🤖 AI Summary
Vector quantization (VQ)-based image reconstruction has long suffered from low codebook utilization, resulting in strong coupling between reconstruction fidelity and codebook size. To address this, we propose a global-local dual-codebook co-design mechanism: a lightweight Transformer dynamically updates the global codebook to model semantic consistency, while a deterministic feature selection strategy constructs a local codebook to capture fine-grained structural details; both are jointly optimized end-to-end. Our method requires no pretraining and achieves, for the first time, efficient VQ reconstruction trained from scratch. At a modest codebook size of 512, it achieves significantly lower FID than state-of-the-art methods using thousand-level codebooks—particularly excelling in face and complex-scene reconstruction. Moreover, it reduces computational overhead by over 40%, achieving an unprecedented balance between high fidelity and high efficiency.
📝 Abstract
Vector Quantization (VQ) techniques face significant challenges in codebook utilization, limiting reconstruction fidelity in image modeling. We introduce a Dual Codebook mechanism that effectively addresses this limitation by partitioning the representation into complementary global and local components. The global codebook employs a lightweight transformer for concurrent updates of all code vectors, while the local codebook maintains precise feature representation through deterministic selection. This complementary approach is trained from scratch without requiring pre-trained knowledge.
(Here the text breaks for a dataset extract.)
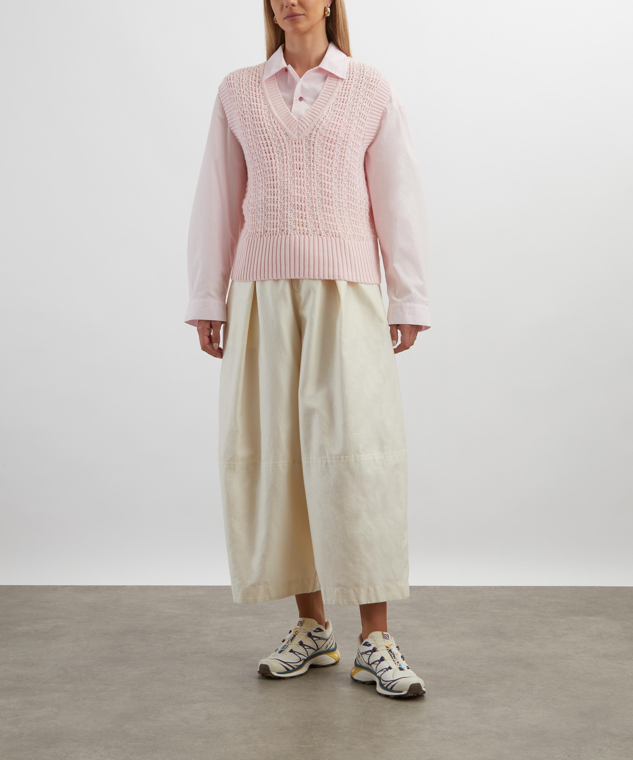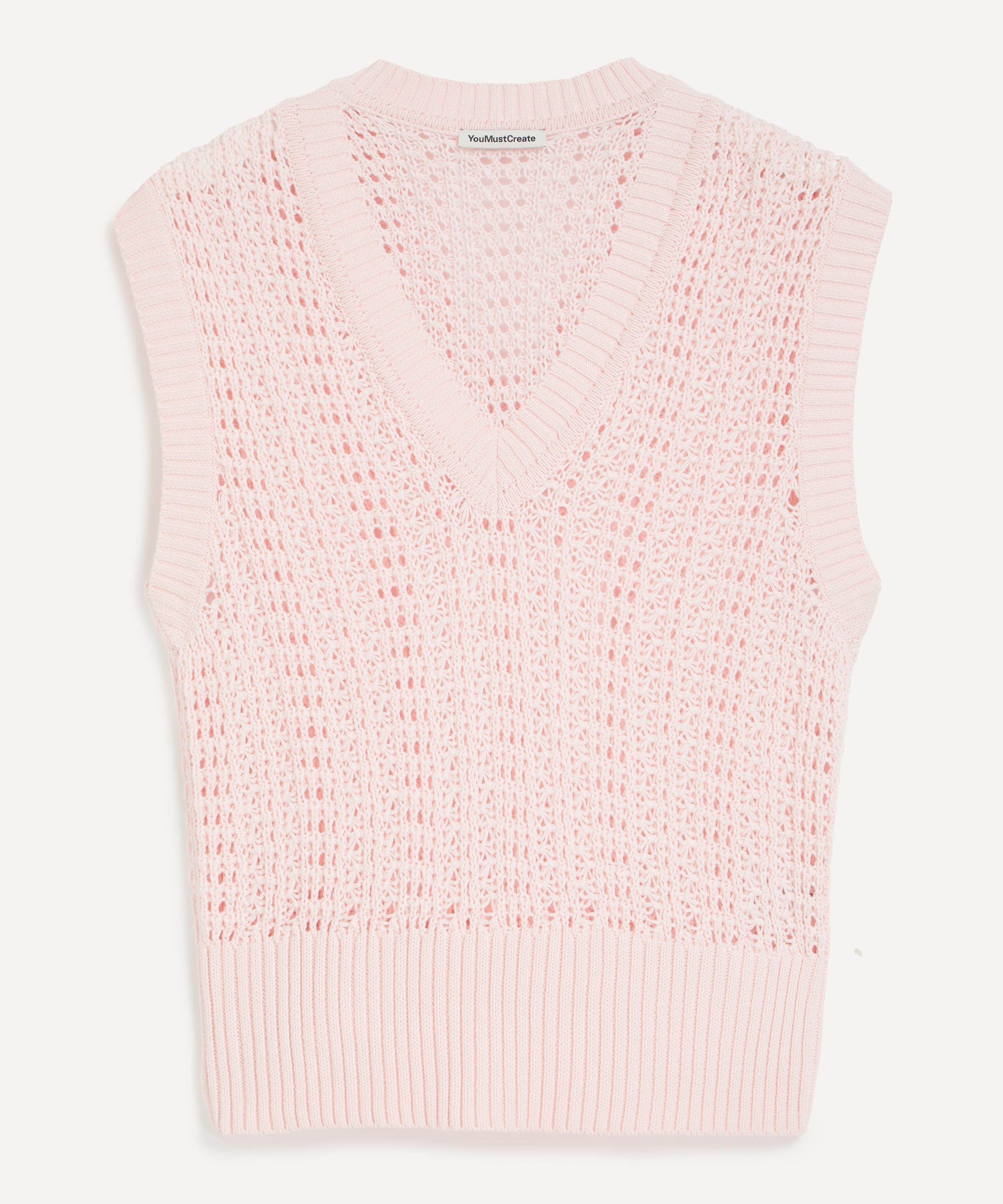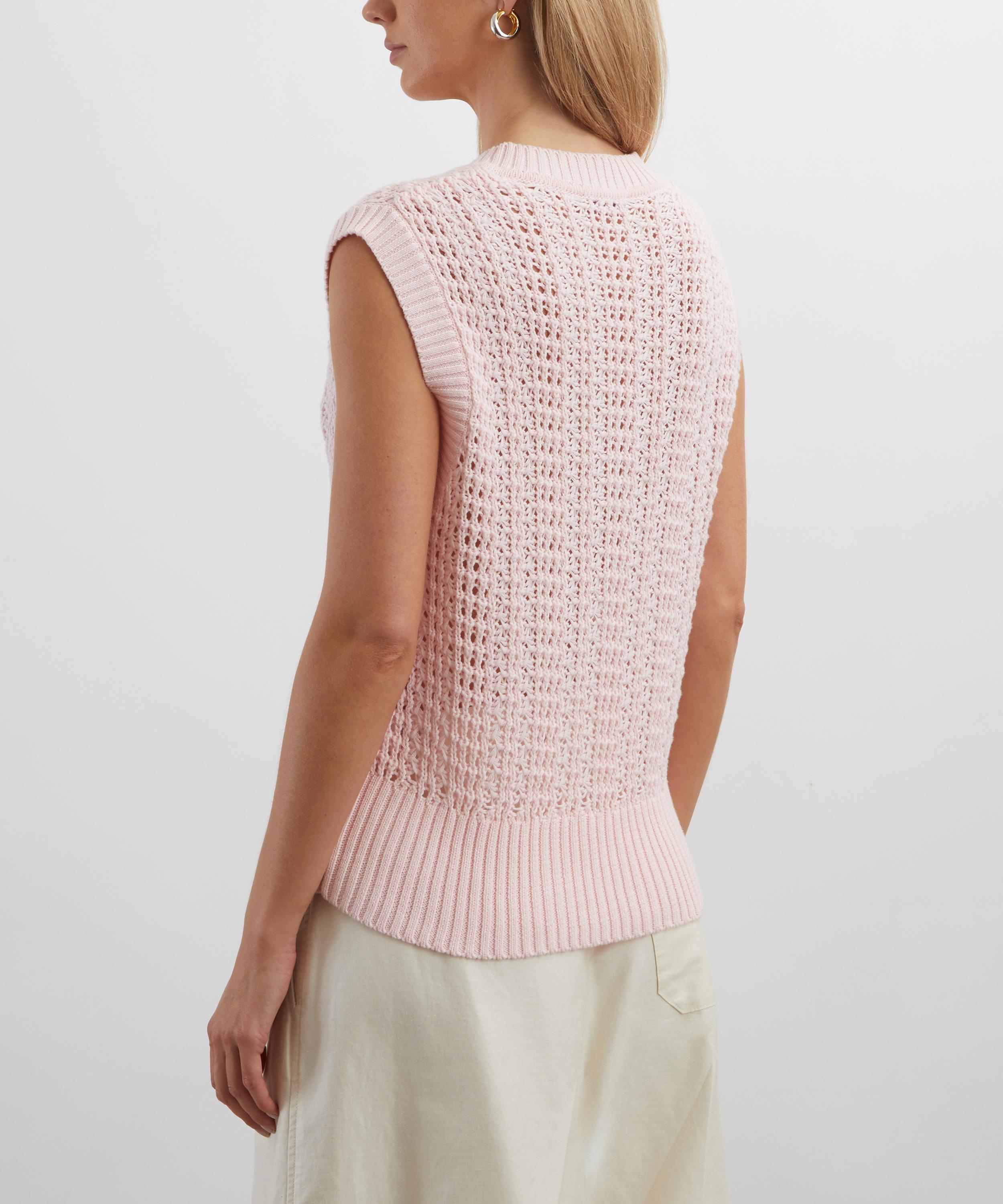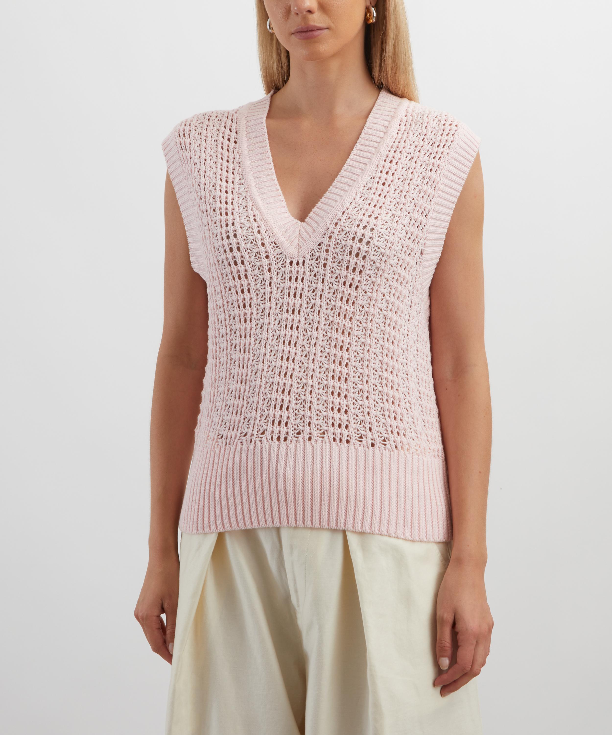 Knitted from lightweight cotton yarn, this pink V-neck vest features ribbed trims, and an intricate ladder-stitch construction for a delicate, airy finish.

Experimental evaluation across multiple standard benchmark datasets demonstrates state-of-the-art reconstruction quality while using a compact codebook of size 512 - half the size of previous methods that require pre-training. Our approach achieves significant FID improvements across diverse image domains, particularly excelling in scene and face reconstruction tasks. These results establish Dual Codebook VQ as an efficient paradigm for high-fidelity image reconstruction with significantly reduced computational requirements.